A Novel Effective Forecasting Model Developed Using Ensemble Machine Learning For Early Prognosis of Asthma Attack and Risk Grade Analysis

Authors

  • Sudha Yadav Department of Computer Science and Engineering, Maharshi Dayanand University Rohtak Haryana, India
  • Harkesh Sehrawat Department of Computer Science and Engineering, Maharshi Dayanand University Rohtak Haryana, India
  • Vivek Jaglan Department of Computer Science and Engineering, Amity University Madhya Pradesh, Gwalior, India
  • Sima Singh Department of Planning and Architecture, Dada Lakshmi Chand State University of Performing and Visual Arts Rohtak, India
  • Praveen Kantha Chitkara University School of Engineering and Technology, Chitkara University Himachal Pradesh, India
  • Parul Goyal Computer Science & Engineering Department, M. M. Engineering College, Maharishi Markandeshwar Deemed to be University, Mullana, Ambala, Haryana, India
  • Surjeet Dalal Department of Computer Science and Engineering, Amity University Madhya Pradesh, Gwalior, India

DOI:

https://doi.org/10.12694/scpe.v26i1.3758

Keywords:

Asthma, Risk grade, Machine learning, Ensemble learning, classifiers

Abstract

Research curiosity enlarging the concern of clinician and researchers towards combination of medical science together with artificial intelligence to develop cost effective predictive model for asthma exacerbation. To accumulate the classification consequences, extensively known ensemble machine learning methods pivotal to artificial intelligence techniques are investigated and novel predictive model developed using catboost classifier that produced comparatively improved outcomes to predict the occurrence of asthma and asthma risk grade.

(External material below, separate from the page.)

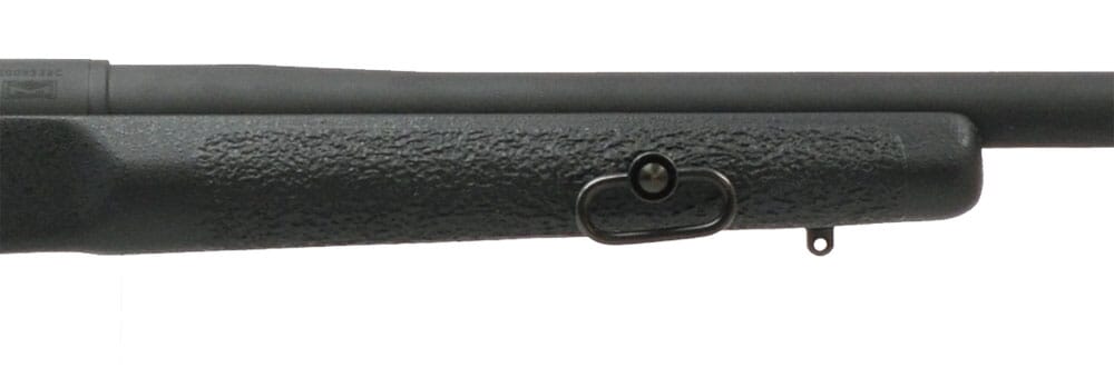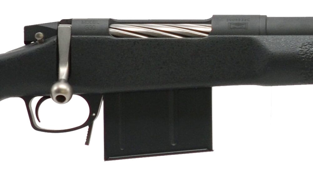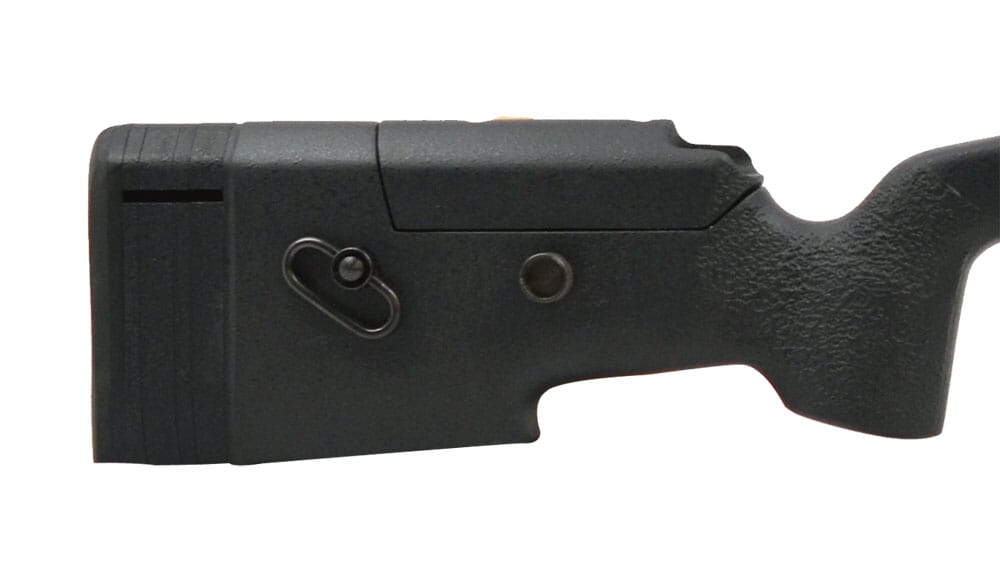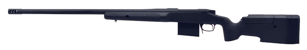This McMillan G30 TAC-338 .338 Lapua Mag rifle features a black finish with duracoat coating, match grade 26.5" barrel with muzzle brake, detachable box magazine, square-surfaced recoil lugs, and a McMillan A-5 tactical stock with spacer system, integral adjustable cheekpiece, and flush mount swivel cups.

Proposed model result is compared with other classifiers which are Support vector machine (SVM), K-Nearest neighbors (KNN), Logistic regression, Adaboost classifier, Gradient boosting classifier, Random forest, Decision tree. Model regulated classification accuracy as high as 93% with datasets selected for formation of early prognosis model of asthma disease by embracing only 20% of the features in the reduced feature set.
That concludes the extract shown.